6.1Effective Date and Term of Plan.

 

(a)            Effective Date. This Plan shall be effective upon approval by the Board.

 

(b)            Stockholder Approval. This Plan shall be submitted to the stockholders of the Company for approval and, if approved by the affirmative vote of a majority of the shares of Common Stock, the Committee may thereafter grant Incentive Stock Options under the Plan. In the event that this Plan is not approved by the stockholders of the Company, the Plan shall remain in effect, but any Incentive Stock Options granted hereunder shall be void and of no force or effect.

 

(c)            Timing of Awards; Termination of Plan. Awards hereunder may be made at any time prior to the termination of this Plan, provided that no Incentive Stock Option may be granted later than ten years after the date on which this Plan was approved by the Board. This Plan shall terminate as of the tenth anniversary of its effective date, unless terminated earlier by the Board. Termination of this Plan shall not affect the terms or conditions of any award granted prior to termination.

 

6.2         Amendments. The Board may amend this Plan as it shall deem advisable; provided, however, that (i) no amendment to this Plan shall be effective without the approval of the Company’s stockholders if stockholder approval is required by applicable law, rule or regulation, and (ii) no amendment may adversely affect any outstanding award without the consent of such holder.

 

6.3           Agreement.  Each award under this Plan shall be evidenced by an Agreement setting forth the terms and conditions applicable to such award. No award shall be valid until an Agreement is executed by the Company and, to the extent required by the Company, executed or electronically accepted by the recipient of such award. Upon such execution or acceptance and delivery of the Agreement to the Company within the time period specified by the Company, such award shall be effective as of the effective date set forth in the Agreement.

 

6.4           Non- Transferability. No award shall be transferable other than by will, the laws of descent and distribution or pursuant to beneficiary designation procedures approved by the Company or, to the extent expressly permitted in the Agreement relating to such award, to the holder’s family members, a trust or entity established by the holder for estate planning purposes, a charitable organization designated by the holder or pursuant to a domestic relations order, in each case, without consideration.

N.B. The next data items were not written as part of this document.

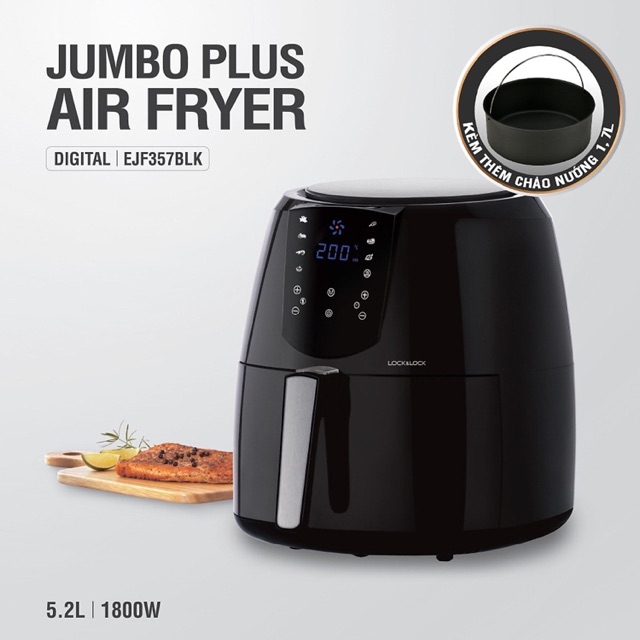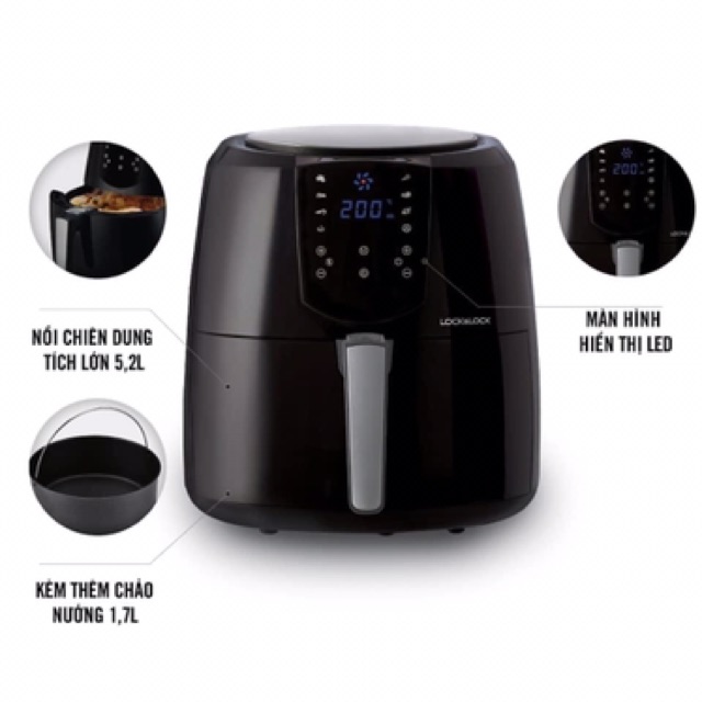 Nồi chiên không dầu Lock&Lock 5.2L 1800W với dung tích siêu lớn 5.2L tiện lợi để chiên được nhiều loại thực phẩm khác nhau như: cá, thịt, khoai tây.. Điều khiển điện tử hiện đại, có vỏ ngoài được làm từ chất liệu nhựa bền đẹp, chịu nhiệt tốt và dễ dàng lau chùi khi bị bám bẩn.
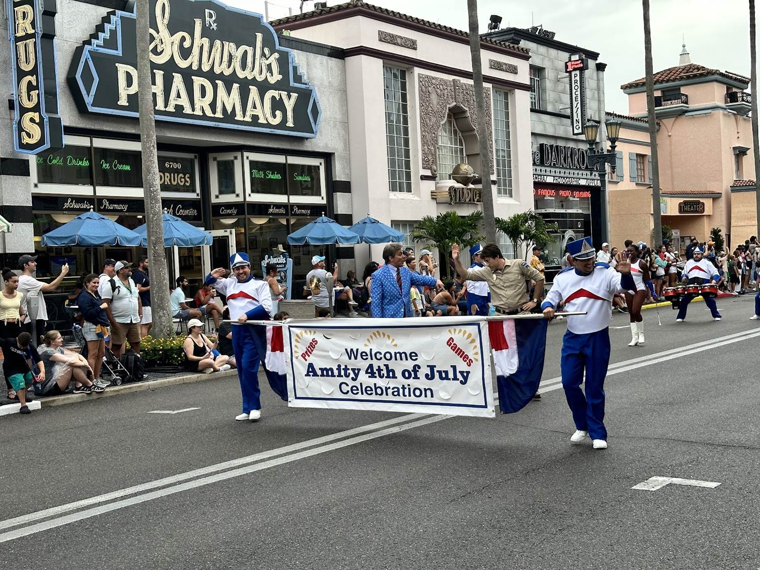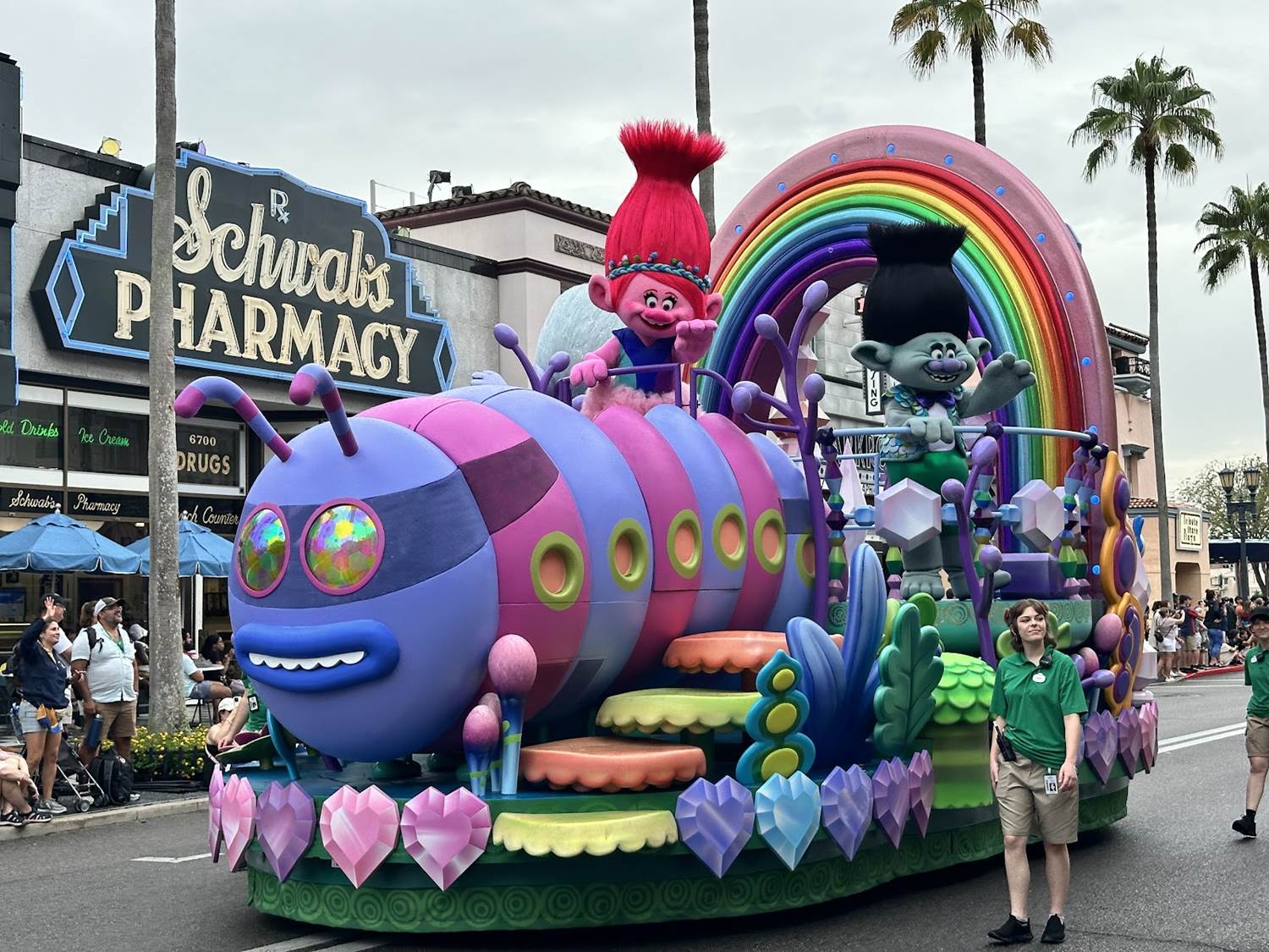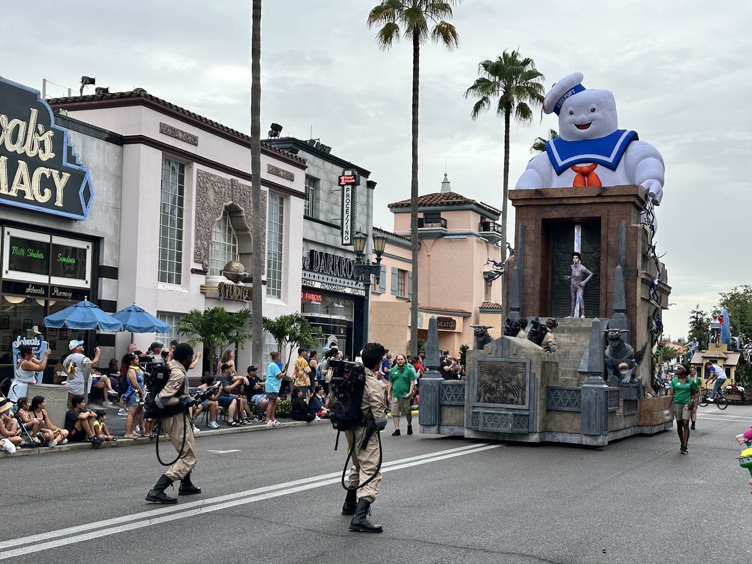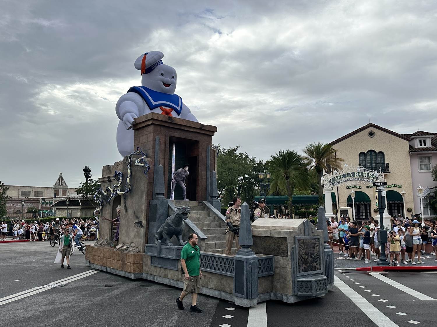 - Guests will watch in awe as they see the massive 16-foot Stay Puft Marshmallow Man atop the Ghostbusters float, the colorful Caterbus and giant rainbows on the vibrant Trolls float, a live marching drumline perform the iconic movie score of Jaws alongside a float themed to the film, and – for the epic finale – a Gyrosphere, Raptors and the fierce Tyrannosaurus Rex aboard the Jurassic World float – and so much more.
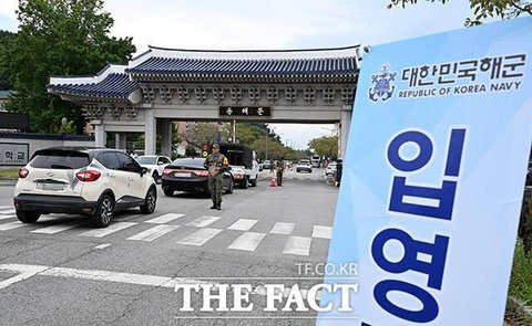 (사진2 설명) 해군사관학교 측이 차량을 통제하고 있다. /남용희 기자
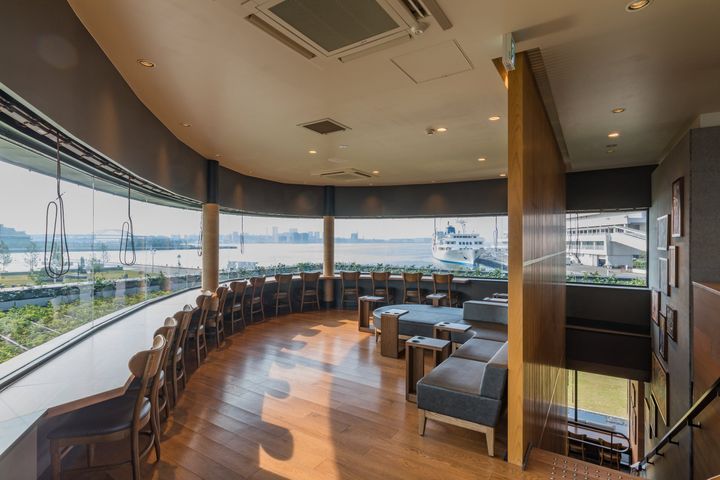 店内は、「KOBE HARBOR COFFEE CRUISE」をコンセプトに、まるでコーヒーを片手に神戸港をクルージングしているかのようなインテリアが広がる。ソファ席やベンチシートが多く配置され、屋外には自然との繋がりを感じられるテラス席も充実している。

Except to the extent permitted by the foregoing sentence or the Agreement relating to an award, each award may be exercised or settled during the holder’s lifetime only by the holder or the holder’s legal representative or similar person. Except as permitted by the second preceding sentence, no award may be sold, transferred, assigned, pledged, hypothecated, encumbered or otherwise disposed of (whether by operation of law or otherwise) or be subject to execution, attachment or similar process. Upon any attempt to so sell, transfer, assign, pledge, hypothecate, encumber or otherwise dispose of any award, such award and all rights thereunder shall immediately become null and void.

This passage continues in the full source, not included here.